Assigned task>
Transcribe the listing in full, excluding any pictures.

BEGIN Collected material

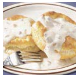
BISCUITS & GRAVY 3.90 (available until 11am)
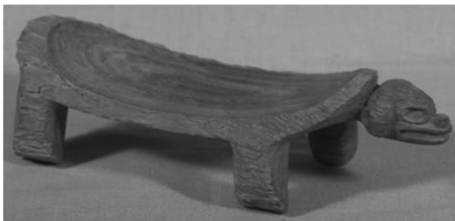
Figure 5. Duho (ceremonial seat), or snuff platter, in shape of a dog (?), lignum vitae , Hispaniola (Taíno, A.D. 1000-1500) (from http://www.loc.gov/exhibits/kislak/images/kc0020s.jpg ).
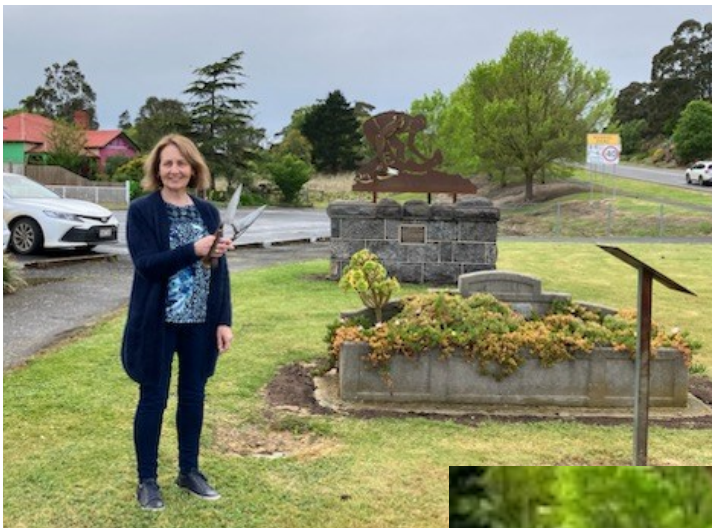
We were lucky to have had better weather and a nicer day on Thursday when these two photos were taken.

The Weekly Times reporter contacted the Committee because she wanted to put an article together, about Skipton Spring Festival, (but due to deadlines came earlier for their story), so the Committee Members assembled for her visit and photo opportunity on a bit more relaxed gathering.

END Collected material

Solution to this exercise>
BISCUITS & GRAVY 3.90 (available until 11am)
Figure 5. Duho (ceremonial seat), or snuff platter, in shape of a dog (?), lignum vitae , Hispaniola (Taíno, A.D. 1000-1500) (from http://www.loc.gov/exhibits/kislak/images/kc0020s.jpg ).
We were lucky to have had better weather and a nicer day on Thursday when these two photos were taken.

The Weekly Times reporter contacted the Committee because she wanted to put an article together, about Skipton Spring Festival, (but due to deadlines came earlier for their story), so the Committee Members assembled for her visit and photo opportunity on a bit more relaxed gathering.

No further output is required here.